Most of the study population were women. The men to women ratio was 19:81. The mean age of the study population was 37.5 ± 11 years ranging between 13 and 63 years with the majority being below 40 years (62%) of age. The patients height ranged from 128 to 176 cm, with the mean height being 150.4 ± 9 cm. The body surface area of the patients ranged between 0.88 and 1.86 m2 and the mean body surface area was 1.43 ± 0.18 m2.

Most of the patients were diagnosed with severe MS during their first evaluation. The most common presenting complaint was dyspnea, which was present in 94% of the patients. Two percent of patients presented with predominant palpitations which were due to atrial fibrillation (AF) with a fast ventricular rate and 2% presented with hemoptysis.

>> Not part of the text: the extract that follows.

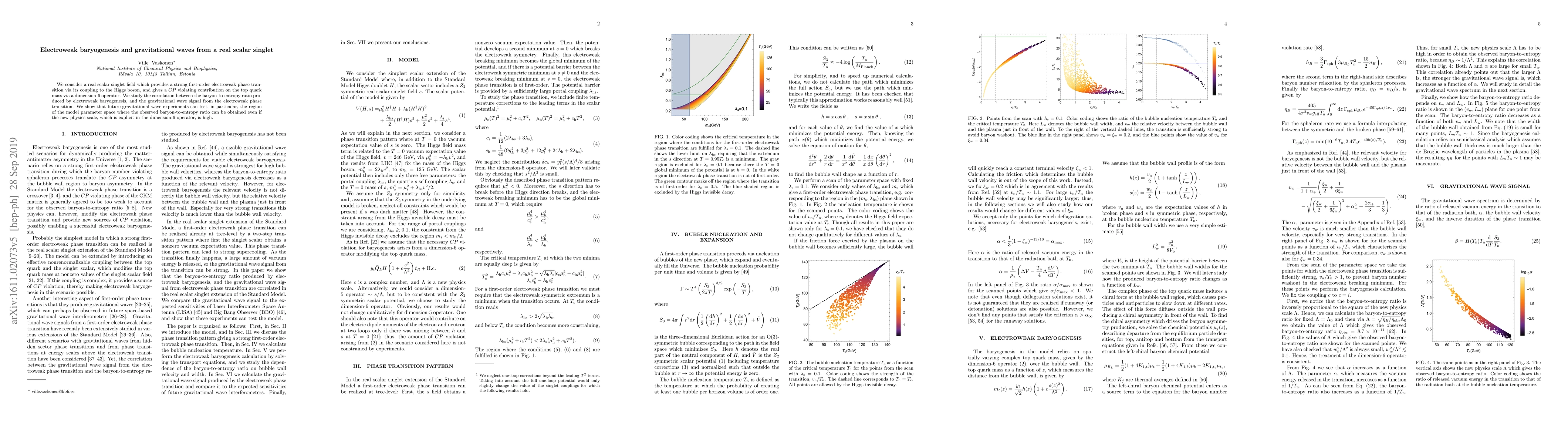 This paper explores a real scalar singlet field that induces a strong first-order electroweak phase transition and contributes to $CP$ violation in the top quark mass. It investigates the correlation between electroweak baryogenesis and gravitational waves from this phase transition, suggesting that future gravitational wave experiments could test parameter regions where high new physics scales still yield the observed baryon-to-entropy ratio.

History suggestive of RF in the past was present in only 21% of the patients, among whom one patient had a history of chorea. Thirteen percent of the patients had undergone PTMC in the past, and a repeat PTMC was performed in view of severe mitral restenosis. History of a cerebrovascular accident was present in 3% of the patients. All three patients were diagnosed with severe MS during their evaluation for cerebrovascular accident (Table 1).

Table 1

Demographic data; dyspnea New York Heart Association class and N-terminal-pro B type natriuretic peptide.

Demographic data (population size n = 100)
Men/women = 19/81
Variable	Range	Mean ± SD
Age (y)	13–63	37.5 ± 11
Height (cm)	128–176	150.4 ± 9
Weight (kg)	22–75	47.1 ± 10.7
Body surface area (m2)	0.88–1.86	1.43 ± 0.18

NT-proBNP = N-terminal brain natriuretic peptide; NYHA = New York Heart Association; SD = standard deviation.

Dyspnea NYHA class and NT-proBNP level

It was observed that as the dyspnea NYHA class worsened, the mean NT-proBNP levels increased and there was a significant correlation between dyspnea NYHA class and NT-proBNP levels (r = 0.63, p < 0.01). The mean NT-proBNP level in clinically stable patients (NYHA class I, II) was 443.9 pg/mL and the mean NT-proBNP level in patients with pulmonary edema (NYHA class III, IV) was 1380 pg/mL (Table 1).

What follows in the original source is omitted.